Your instructions | Output nothing but the lines from the first line of the listing below through the line containing "Samen koffie malen", printed exactly and free of pictures.

Materials provided |
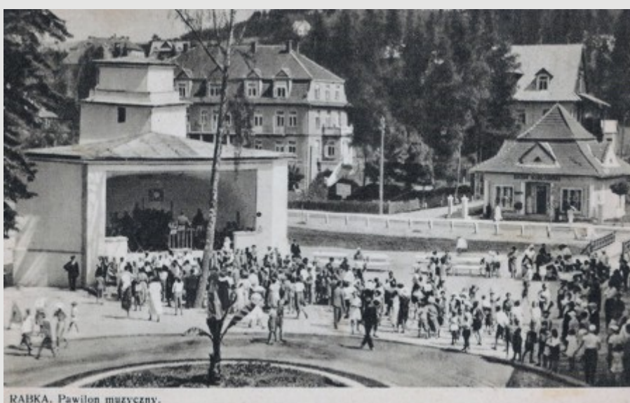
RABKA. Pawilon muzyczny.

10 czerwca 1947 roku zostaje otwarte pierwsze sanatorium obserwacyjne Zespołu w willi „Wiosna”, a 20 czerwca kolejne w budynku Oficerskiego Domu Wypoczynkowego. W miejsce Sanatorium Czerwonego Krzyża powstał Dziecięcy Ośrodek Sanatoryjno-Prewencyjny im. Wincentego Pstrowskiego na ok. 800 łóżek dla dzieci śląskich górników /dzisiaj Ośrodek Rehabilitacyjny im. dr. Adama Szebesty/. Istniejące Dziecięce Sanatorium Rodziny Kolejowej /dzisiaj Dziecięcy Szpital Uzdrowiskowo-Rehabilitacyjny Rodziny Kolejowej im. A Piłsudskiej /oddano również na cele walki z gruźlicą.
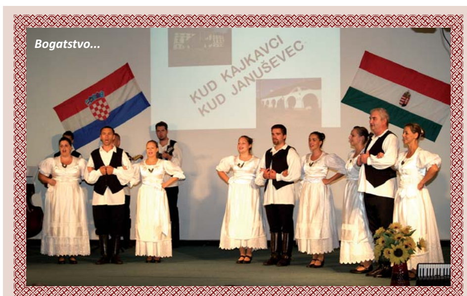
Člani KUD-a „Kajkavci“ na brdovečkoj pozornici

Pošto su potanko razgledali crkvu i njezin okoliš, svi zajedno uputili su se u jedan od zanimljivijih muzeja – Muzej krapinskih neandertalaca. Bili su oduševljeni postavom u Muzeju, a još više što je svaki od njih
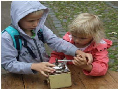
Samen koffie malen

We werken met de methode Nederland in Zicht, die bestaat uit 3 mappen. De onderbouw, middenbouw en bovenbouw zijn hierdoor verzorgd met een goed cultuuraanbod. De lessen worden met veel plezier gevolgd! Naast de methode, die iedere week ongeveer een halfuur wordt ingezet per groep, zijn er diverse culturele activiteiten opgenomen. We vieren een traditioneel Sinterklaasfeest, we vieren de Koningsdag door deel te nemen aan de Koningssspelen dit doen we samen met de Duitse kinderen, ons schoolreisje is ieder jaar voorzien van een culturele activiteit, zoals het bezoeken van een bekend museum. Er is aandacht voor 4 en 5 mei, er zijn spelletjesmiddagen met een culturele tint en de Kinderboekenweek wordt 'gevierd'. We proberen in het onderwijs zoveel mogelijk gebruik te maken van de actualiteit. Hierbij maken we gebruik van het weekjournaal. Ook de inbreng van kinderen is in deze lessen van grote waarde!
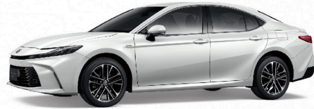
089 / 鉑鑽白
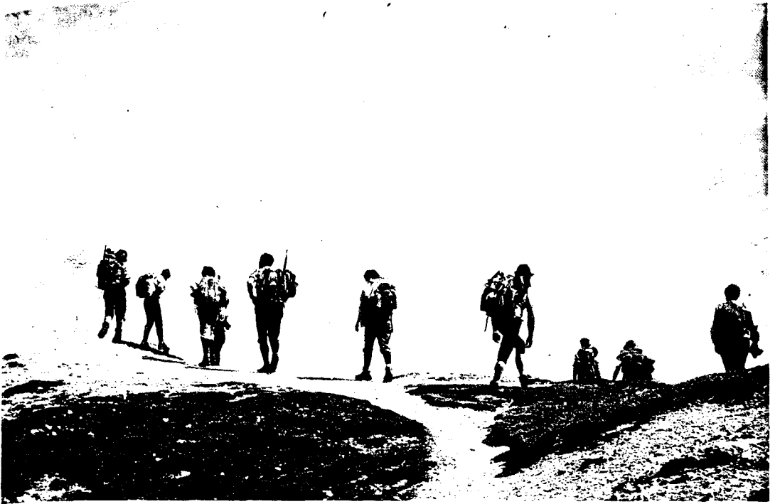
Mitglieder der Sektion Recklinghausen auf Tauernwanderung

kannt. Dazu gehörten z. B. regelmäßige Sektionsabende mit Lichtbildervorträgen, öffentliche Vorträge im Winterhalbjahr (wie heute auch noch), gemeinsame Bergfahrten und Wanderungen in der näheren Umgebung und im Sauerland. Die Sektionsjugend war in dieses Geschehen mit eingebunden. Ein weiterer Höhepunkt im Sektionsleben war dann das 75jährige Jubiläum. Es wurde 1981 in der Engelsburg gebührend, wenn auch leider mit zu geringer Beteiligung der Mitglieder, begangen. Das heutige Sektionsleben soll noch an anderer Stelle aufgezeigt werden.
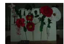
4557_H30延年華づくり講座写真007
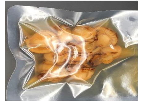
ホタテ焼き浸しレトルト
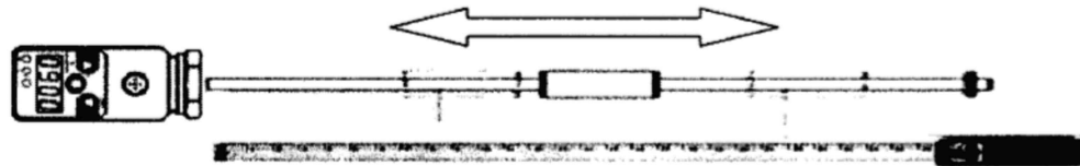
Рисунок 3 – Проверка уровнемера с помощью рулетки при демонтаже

Answer to this problem |
RABKA. Pawilon muzyczny.

10 czerwca 1947 roku zostaje otwarte pierwsze sanatorium obserwacyjne Zespołu w willi „Wiosna”, a 20 czerwca kolejne w budynku Oficerskiego Domu Wypoczynkowego. W miejsce Sanatorium Czerwonego Krzyża powstał Dziecięcy Ośrodek Sanatoryjno-Prewencyjny im. Wincentego Pstrowskiego na ok. 800 łóżek dla dzieci śląskich górników /dzisiaj Ośrodek Rehabilitacyjny im. dr. Adama Szebesty/. Istniejące Dziecięce Sanatorium Rodziny Kolejowej /dzisiaj Dziecięcy Szpital Uzdrowiskowo-Rehabilitacyjny Rodziny Kolejowej im. A Piłsudskiej /oddano również na cele walki z gruźlicą.
Člani KUD-a „Kajkavci“ na brdovečkoj pozornici

Pošto su potanko razgledali crkvu i njezin okoliš, svi zajedno uputili su se u jedan od zanimljivijih muzeja – Muzej krapinskih neandertalaca. Bili su oduševljeni postavom u Muzeju, a još više što je svaki od njih
Samen koffie malen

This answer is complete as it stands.